RECORDS SUPPLIED START

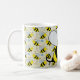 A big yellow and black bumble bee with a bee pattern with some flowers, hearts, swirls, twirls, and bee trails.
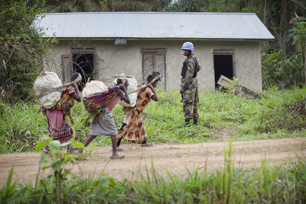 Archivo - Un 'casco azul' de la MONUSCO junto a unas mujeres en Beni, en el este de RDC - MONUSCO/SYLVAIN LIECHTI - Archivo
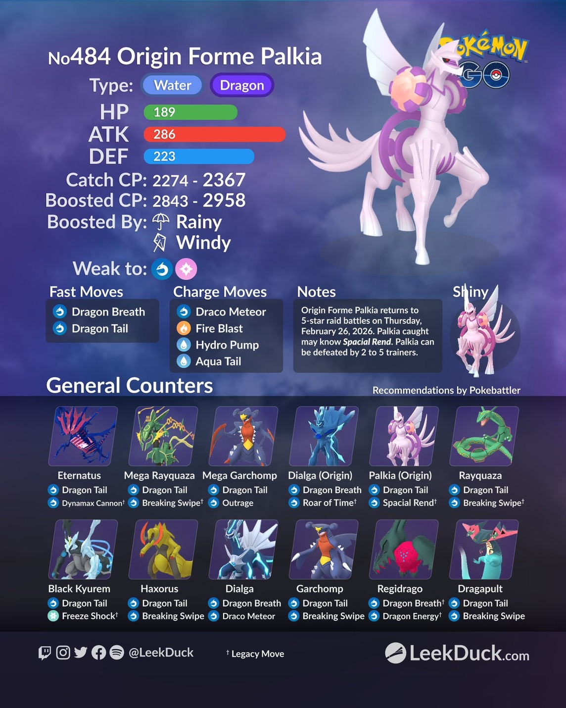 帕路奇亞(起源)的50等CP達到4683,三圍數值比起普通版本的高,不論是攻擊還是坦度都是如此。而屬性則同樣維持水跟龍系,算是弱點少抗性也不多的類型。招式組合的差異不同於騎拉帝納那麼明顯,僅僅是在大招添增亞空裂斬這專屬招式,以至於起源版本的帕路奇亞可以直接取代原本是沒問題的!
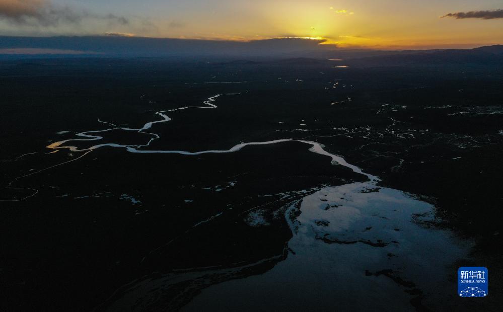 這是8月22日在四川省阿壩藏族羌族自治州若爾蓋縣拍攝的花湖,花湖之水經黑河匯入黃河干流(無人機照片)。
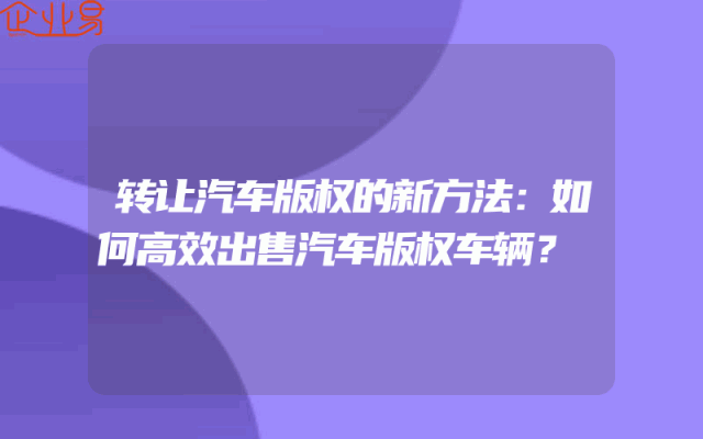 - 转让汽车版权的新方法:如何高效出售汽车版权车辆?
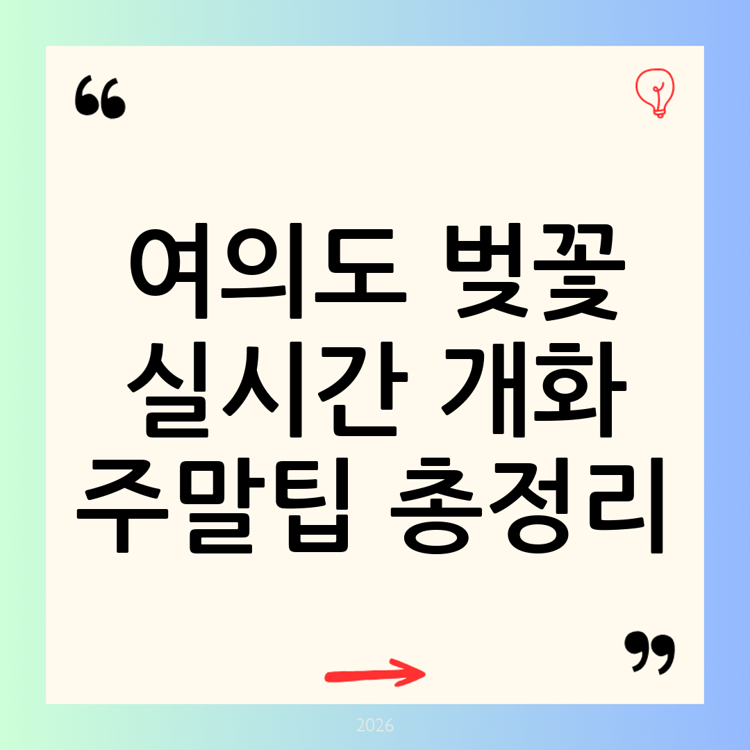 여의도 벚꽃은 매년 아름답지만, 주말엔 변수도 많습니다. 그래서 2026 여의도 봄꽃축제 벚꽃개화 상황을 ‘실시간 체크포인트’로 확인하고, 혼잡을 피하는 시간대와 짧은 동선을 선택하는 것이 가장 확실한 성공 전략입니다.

RECORDS SUPPLIED END

Word for word, return the listing above; the pictures do not belong in the copy.

 A big yellow and black bumble bee with a bee pattern with some flowers, hearts, swirls, twirls, and bee trails.
 Archivo - Un 'casco azul' de la MONUSCO junto a unas mujeres en Beni, en el este de RDC - MONUSCO/SYLVAIN LIECHTI - Archivo
 帕路奇亞(起源)的50等CP達到4683,三圍數值比起普通版本的高,不論是攻擊還是坦度都是如此。而屬性則同樣維持水跟龍系,算是弱點少抗性也不多的類型。招式組合的差異不同於騎拉帝納那麼明顯,僅僅是在大招添增亞空裂斬這專屬招式,以至於起源版本的帕路奇亞可以直接取代原本是沒問題的!
 這是8月22日在四川省阿壩藏族羌族自治州若爾蓋縣拍攝的花湖,花湖之水經黑河匯入黃河干流(無人機照片)。
 - 转让汽车版权的新方法:如何高效出售汽车版权车辆?
 여의도 벚꽃은 매년 아름답지만, 주말엔 변수도 많습니다. 그래서 2026 여의도 봄꽃축제 벚꽃개화 상황을 ‘실시간 체크포인트’로 확인하고, 혼잡을 피하는 시간대와 짧은 동선을 선택하는 것이 가장 확실한 성공 전략입니다.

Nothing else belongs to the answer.